When the people of Cerro Alto found out that the Chinese company Envision Energy was going to set up a wind farm, the first question that the Mapuche and criollo families asked was if the electricity generated would reach their homes. In that rural area of the Río Negro province, close to the touristy Bariloche, access to energy is insufficient and expensive. Many of its dwellers have already been displaced by the construction of hydroelectric plants on the Limay river, and they watch from their homes how the high voltage towers and the gas pipelines bring the energy somewhere else. The growth of generation from renewable sources changed energy production and distribution logics, making it more of an exclusion-generating model than a democratizing tool.
By OPSur.- In the first round of the RenovAr Plan bidding process, celebrated in 2016, the Cerro Alto wind power project (in Río Negro) was awarded to the Chinese company Envision Energy. Adyacent to Pilcaniyeu, 60 km to the east of Bariloche, the project would install 28 wind turbines inside Estancia Futa Mahuida, which includes the Cerro Alto, a hill that gives the area its name and is particularly relevant for the Mapuche worldview, in this case, for the Wefu Wechu community. The wind power plant would be located in a space of 1,600 hectares and have an installed capacity of 50 MW. The totality of the production would be injected to the Argentine Interconnection System (SADI). The 150 families living in the area, distributed in the Cerro Alto, Coquelen, Corralito, Melico, and Panquehuau localities, have had a historically deficient access to energy. Traditionally, they rely on firewood and gas cylinders, and many families have generators.
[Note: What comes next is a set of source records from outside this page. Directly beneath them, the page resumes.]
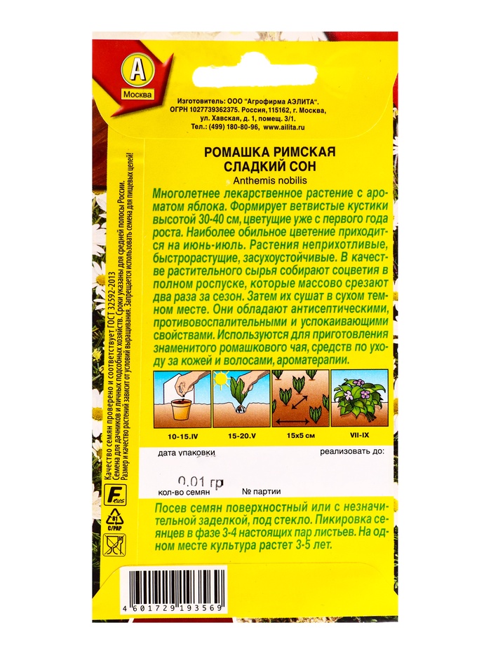 Семена Ромашка римская Сладкий сон Лечебный огород, Ц/П,0,01 г
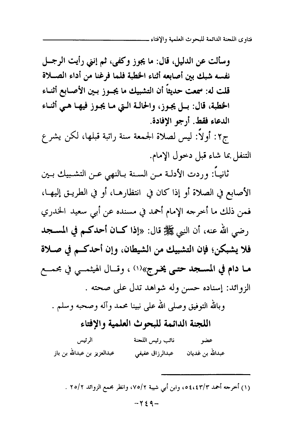 ج2: أولا: ليس لصلاة الجمعة سنة راتبة قبلها، لكن يشرع التنفل بما شاء قبل دخول الإمام. ثانيا: وردت الأدلة من السنة بالنهي عن التشبيك بين الأصابع في الصلاة أو إذا كان في انتظارها، أو في الطريق إليها، فمن ذلك ما أخرجه الإمام أحمد في مسنده عن أبي سعيد الخدري رضي الله عنه، أن النبي صلى الله عليه وسلم قال: «إذا كان أحدكم في المسجد فلا يشبكن؛ فإن التشبيك من الشيطان، وإن أحدكم في صلاة ما دام في المسجد حتى يخرج (¬1) » وقال الهيثمي في مجمع الزوائد: إسناده حسن وله شواهد تدل على صحته.
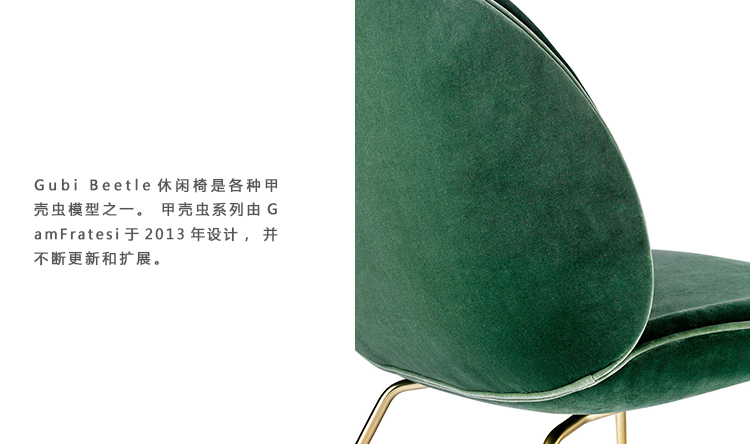 Gubi Beetle休闲椅是各种甲壳虫模型之一。 甲壳虫系列由GamFratesi于2013年设计,并不断更新和扩展。
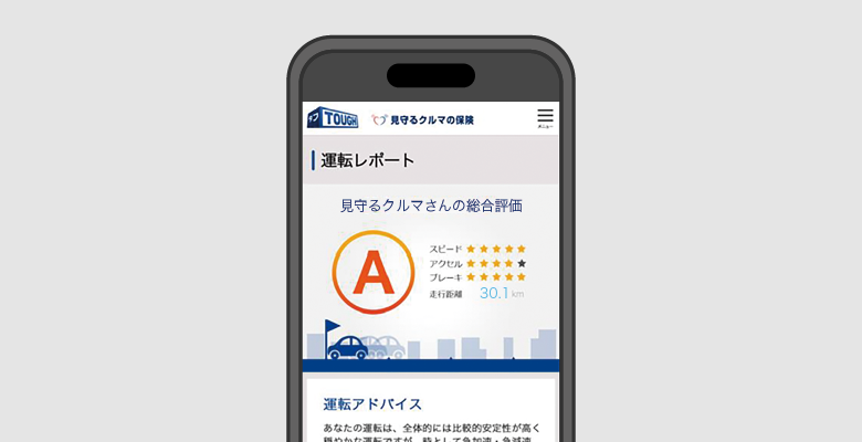 走行の安全運転度合を表す安全運転スコアや安全運転につながるアドバイスや、走行ルート上に危険な運転を検知した地点を示したマップ等をご覧いただけます。
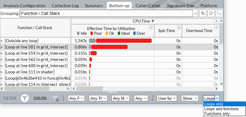 最も時間を消費するループを特定するには、[ボトムアップ] ウィンドウで [ループのみ] モードを選択します。デフォルトでは、最も高い CPU 時間値を持つループがグリッドの上位に表示されます。
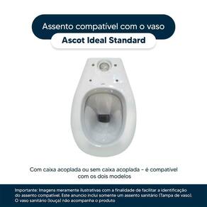 Detalhes e Cuidados Especiais: * Cor: Visone * Compatibilidade: Modelo Ascot da marca Ideal Standard * Conteúdo da Embalagem: Assento sanitário, parafusos de fixação e instruções de instalação. * Fabricante do Assento Sanitário: Pontto Lavabo.

Others have no electricity at all.
The project’s Environmental Impact Study was approved in 2011 in a process that did not include the participation of those who inhabit the area. According to Luis Pilquimán, werken (spokesman) of the Lef Wefu Wechu, they heard about the wind farm no earlier that 2017. “We found out about the project indirectly, and almost by chance, in a meeting with the provincial government. They presented it as an achievement, but the first thing people asked was if some of the electricity was going to be left for the rural population. We heard about it by pure chance.” In response, the community demanded that a consultation process and a cultural impact report be carried out by the provincial government. They also opened up spaces of dialogue with Envision Energy and the Inter-American Development Bank (IDB), co-financer of the project.
The area has a recent memory of the dispossession brought about by other energy enterprises. The Cerro Alto site is 30 km from Alicurá and 80 km from Piedra del Águila, two of the five hydroelectric plants installed on the Limay river, which generate 41% of the country’s hydropower. The building of the dams began in the 70s and was completed in the 90s. The Piedra del Águila reservoir flooded 281,647 hectares and affected the territories of two communities. In the Pilcaniyeu Indigenous Reservation on the Limay, 125 people had to be re-located. The works also had negative impacts on different productive and cultural activities that were not taken into account by the state-run company Hidronor at that point (Balazote and Radovich, 2003).
Connected to those power plants was the Alicura-Pilcaniyeu-Bariloche High Voltage Transmission Line, built in 1986, when the gas pipeline Cordillerano was also inaugurate. The power lines and the gas pipeline cross the territory where the Cerro Alto wind farm is to be installed, and they are part of the landscape. “Of the families that are now being affected by the wind farm, many were previously displaced by the construction of the dams on the Limay river. And what we see is that none of these dams generate energy for the local people. They only affect us negatively, destroying our fields, there are no benefits. But this happened decades ago. Now the people, the organized communities, take a stance, things are different,” states Pilquimán.
The cultural impact report drafted by a team from the National University of Río Negro provides details about the potential impacts of the wind power project, such as the disruption of livelihoods of local communities and their productive practices, and the potential modification of cultural elements like archeological and ceremonial sites (in the case of the Cerro Alto hill), and mentions the lack of information regarding the potential sound and shadow impacts of the project once it beings operating. “It seems that these megaprojects are always causing social conflicts. This is not always due to the project itself in all cases, but to the fact that in its implementation the civil and social rights of the adjacent populations are ignored,” stated the community in a communiqué. “We understand that wind power is among the least polluting sources, but nonetheless it does imply a level of contamination. So, we seek to develop organizing processes where debate and analyses of these projects are possible,” added Pilquimán.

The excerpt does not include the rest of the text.